The poems in Carol Potter's 2008 book use a narrative voice with a feathery touch. The narrator guides a poetic scene through digression, bringing in bits of memory, shifts of emphasis and tangential significance.
The language is notable for its lack of subject pronouns. This voice gives the tourist-reader permission to watch the scenes through her own lens. She is not locked into the gaze of a controlling narrator.
The telling in these poems is straightforward and linear. And yet, time is in upheaval. The past arrives like a ghost and strips away the veneer of the present. The starting point becomes a new destination and the reader looks around midway to discover another landscape emerging.
The Surge and Return
In her 1935 essay “Poets with History and Poets without History,” Russian poet Marina Tsvetaeva likens lyric poetry to the surge and return of an ocean wave.
The same water - a different wave
What matters is that it is a wave
What matters is that the wave will return
What matters is that it will always be different
What matters most of all: however different the returning wave, it will always return as a wave of the sea.
What is a wave? Composition and muscle. The same goes for lyric poetry.

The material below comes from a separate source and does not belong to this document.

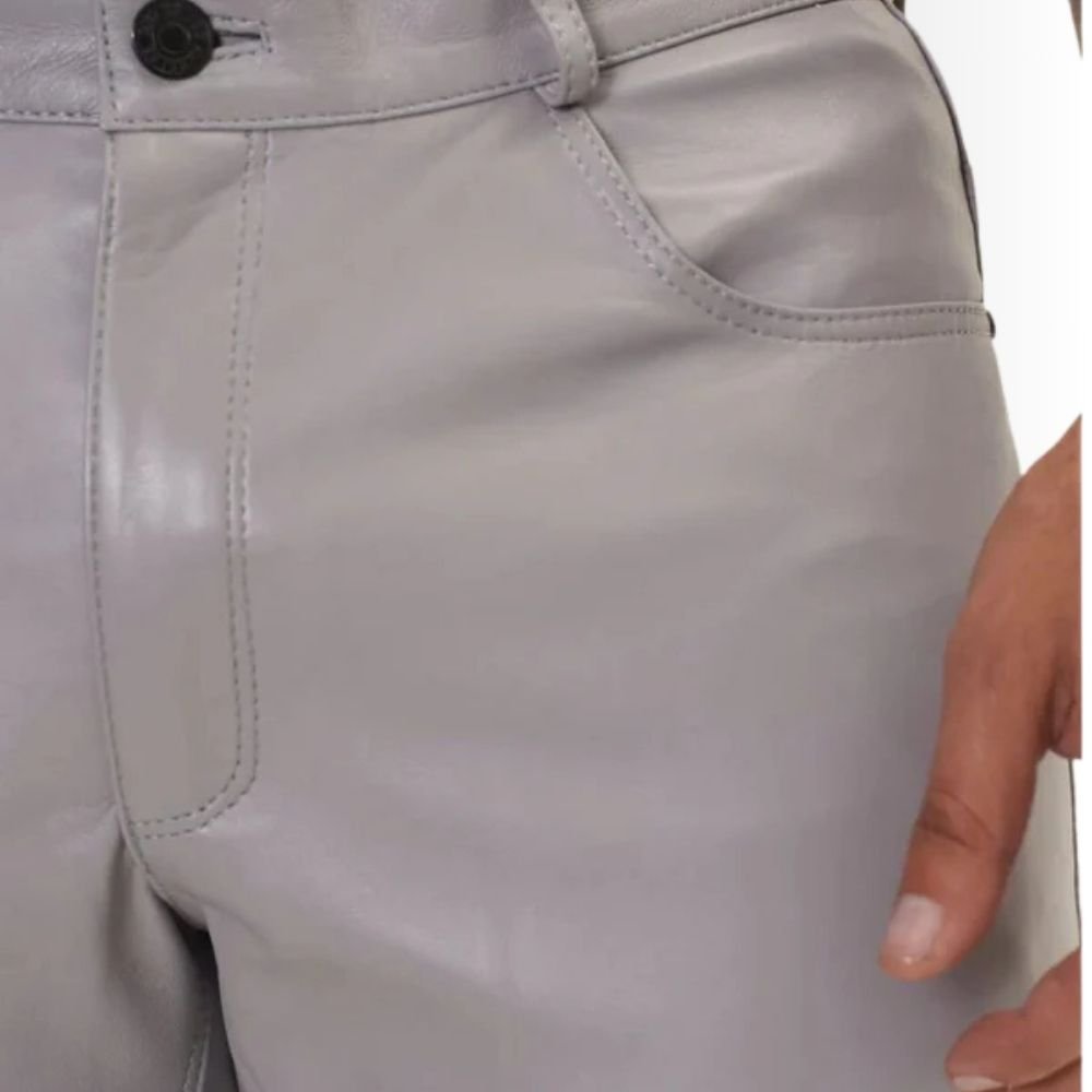 These Men’s Grey Leather Pants blend comfort and style, making them a must-have for any modern wardrobe.
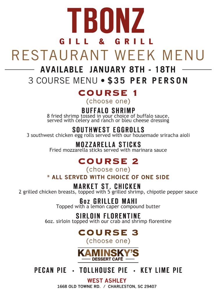 Gluten Free option available - These items can be altered to be gluten friendly TBonz is not a gluten free environment. Our menu items are handcrafted in our kitchens, oftentimes using shared equipment (including common fryers) and variations in vendor-supplied ingredients may occur. For these reasons, we cannot assure you that any menu item will be entirely gluten free. <br>

The poetry composing Otherwise Obedient follows that surge and return. There is a flow from one source and there is transformation of that flow. Often, the poems present a scene, infuse it with overwhelming detail and allow the reader to undergo the transformation.
Take for examples the poems “Green Felt Gowns” and “Drinking Wine and Eating Chocolate Cookies.” Both are content-driven containers of the literal. Yet at their conclusion, the reader has traveled from mere observation to a different perspective. The details impress their way into the readers’ psyche.
The sheer force of repetition alters what seems apparent on a first read. The data of the evening news or observations of strangers on a street becomes a collective image with wider and deeper meaning. The wave engulfs the reader. The motion carries her along and then spins her out of its grasp. She looks back to the ocean, sees the same ocean but now with a fresh perspective.
The "god" Poems
In the end, Potter can accomplish this transformation only with the willing participation of her readers. We can ride the undulating waves of her lyrics with eyes squeezed shut or with eyes wide open. Her series of “god” poems encounter this omnipotence in the individual, whether a passenger on a bus or a gardener tending to his tasks. Omnipotence has its responsibilities though. It makes decisions about intentionality. It governs perception and response. Or it floats along, carried by the tide of indifference, consenting to its powerlessness.
The “god” poems seek identity and find it everywhere, in everything and everybody. Mostly, the “god” poems ask questions about determination. What will it be – a ride or a drive? Will we be changed or will we remain the same, untouched by our power to transform?
The poems in Otherwise Obedient encompass pain. The collection comes full circle in a journey that begins and ends with particulars. It pushes those particulars to their outer limits, to recognition of the difference between the person who is acted upon and the person who chooses to act.
References:
Potter, Carol. Otherwise Obedient. LA: Red Hen Press, 2008.
Tsvetaeva, Marina, and Angela Livingstone, Trans. Art in the Light of Conscience: Eight Essays on Poetry. Cambridge, MA: Harvard Univ Press, 1992.